Instead of talking about golf, Kuchar, long a fan favorite, had to address his payment to David ‘El Tucan’ Ortiz, who was a fill-in caddie for Kuchar when he won the Mayakoba Golf Classic and its $1.3 million first prize last year.

Kuchar originally paid Ortiz $5,000 for his week’s work – a deal the two agreed upon. But when news broke of the sum – which accounted for less than 0.4 percent of Kuchar’s winnings, far below the standard 10 percent ($130,000) regular Tour caddies receive when their boss wins – Kuchar came under intense criticism.

At first, Kuchar defended his payment, which led to more criticism that he was out of touch, cheap and insensitive. Then he doubled down, and as some said on social media, he kept putting his own feet in his mouth. Fans at Riviera hurled biting remarks at Kuchar throughout his four rounds.

Upon reflection – he said he cringed when he read the words of his defense – Kuchar had a change of heart.

“Listen, I was stubborn, hard-headed,” Kuchar said last week. “In my mind, I had it as ‘a deal is a deal.’ But after I won the tournament, a deal wasn’t a deal. Any transaction, all parties should come out feeling like they’ve won, and certainly in David’s case he did not feel like he won in that situation.

“I need to make it right. It’s as simple as that.”

Kuchar sent an additional $45,000 to Ortiz and made a charitable contribution to the Mayakoba Golf Classic.

In his first two rounds in the Mexico Championship, Kuchar hasn’t heard one insult from anyone in the gallery. The familiar “Kooch,” shouts were loud and clear. After the second round, Kuchar gladly spoke to the four birdies he made to start the round, his fondness for the tree-lined golf course, his success in driving the ball well.
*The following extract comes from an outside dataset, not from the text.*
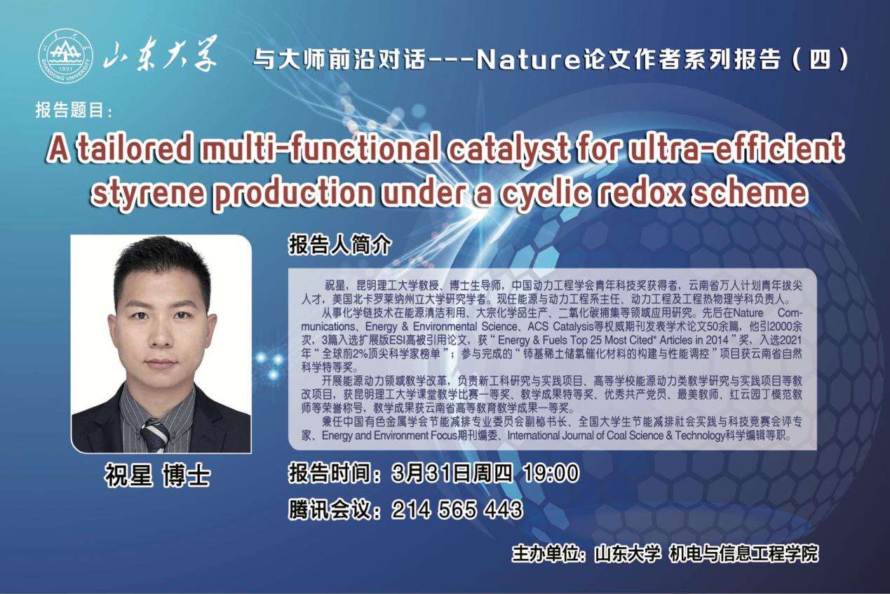 3月31日晚,第四场报告由澳大利亚皇家墨尔本理工大学林翰研究员、昆明理工大学祝星教授主讲,他深入浅出的为同学们讲解了有关Nature文章中生物化学链相关的知识,他指出利用生物链技术原理主要是通过过程强化实现化石燃料清洁燃烧及碳捕集、空气分离、碳氢化合物高值化利用、生物质气化、分解H2O和CO2、CO2捕集、合成氨、污染物脱除、分离提取、热化学储能等。祝教授同时提出了新的展望,一是有待开展更大规模实验来验证新工艺,二是可以通过间歇性的供氧来实现化学链乙苯氧化脱氢,三是工艺热管理需考虑到换热。会上祝教授就本科生怎么过好大学生活提出他个人建议,同学们表示受益匪浅。

What he really didn’t want to do is rehash last week.

“I don’t know if I would say that,” Kuchar responded when asked if playing well this week was helping him put last week behind him. “I like to play well every week kind of regardless, but it is nice. It is nice to have a good showing, it is nice to kind of be back in the hunt again.

“Listen, golf is so much more fun when you have a chance to win, and it’s been a lot of fun this week just playing some good golf. Having a chance with 36 holes to play is a good place to be.”